Initially starting life as a banking trojan, Trickbot evolved to become a highly popular form of malware among cyber criminals, particularly because its modular nature allowed for it to be used many different kinds of attacks.

These include the theft of login credentials and the ability to propagate itself around the network spreading the infection further.

Trickbot even became a loader for other forms of malware, with cyber criminals taking advantage of machines already compromised by Trickbot as a means of delivering other malicious payloads, including ransomware.

In October last year, a takedown led by Microsoft disrupted the infrastructure behind the Trickbot malware botnet, but now it appears to be coming back to life as researchers at Menlo Security have identified an ongoing malware campaign which has the hallmarks of previous Trickbot activity.

These attacks appear to be exclusively targeting legal and insurance companies in North America, with phishing emails encouraging potential victims to click on a link which will redirect them to a server which downloads a malicious payload.

SEE: Cybersecurity: Let's get tactical (ZDNet/TechRepublic special feature) | Download the free PDF version (TechRepublic)

Many of these emails are claiming that the user has been involved in a traffic infringement and points them towards a download of the 'proof' of their misdemeanor – a social engineering trick which can catch people off guard and panic them into downloading.
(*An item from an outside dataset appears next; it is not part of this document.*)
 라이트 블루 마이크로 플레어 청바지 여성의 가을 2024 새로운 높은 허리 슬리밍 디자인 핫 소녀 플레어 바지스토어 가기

In this case the download is a zip archive which contains a malicious Javascript file – a typical technique deployed by Trickbot campaigns – which connects to a server to download the final malware payload.

Analysis of this payload indicates that it connects to domains which are known to distribute Trickbot malware, indicating that it's once again active and could pose a threat to enterprise networks.
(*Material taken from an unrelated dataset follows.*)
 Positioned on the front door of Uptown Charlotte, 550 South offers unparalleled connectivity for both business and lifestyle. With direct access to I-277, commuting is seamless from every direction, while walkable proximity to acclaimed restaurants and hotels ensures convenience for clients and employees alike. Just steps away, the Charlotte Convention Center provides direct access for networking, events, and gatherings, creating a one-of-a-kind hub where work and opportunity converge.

"Where there's a will, there's a way. That proverb certainly holds true for the bad actors behind Trickbot's operations," said Vinay Pidathala, director of security research at Menlo Security

"While Microsoft and it's partners' actions were commendable and Trickbot activity has come down to a trickle, the threat actors seem to be motivated enough to restore operations and cash in on the current threat environment," he added.

An advisory on Trickbot by the UK's National Cyber Security Centre (NCSC) recommends that organisations use the latest supported versions of operating systems and software and to apply security patches in order to stop Trickbot other malware exploiting known vulnerabilities to spread.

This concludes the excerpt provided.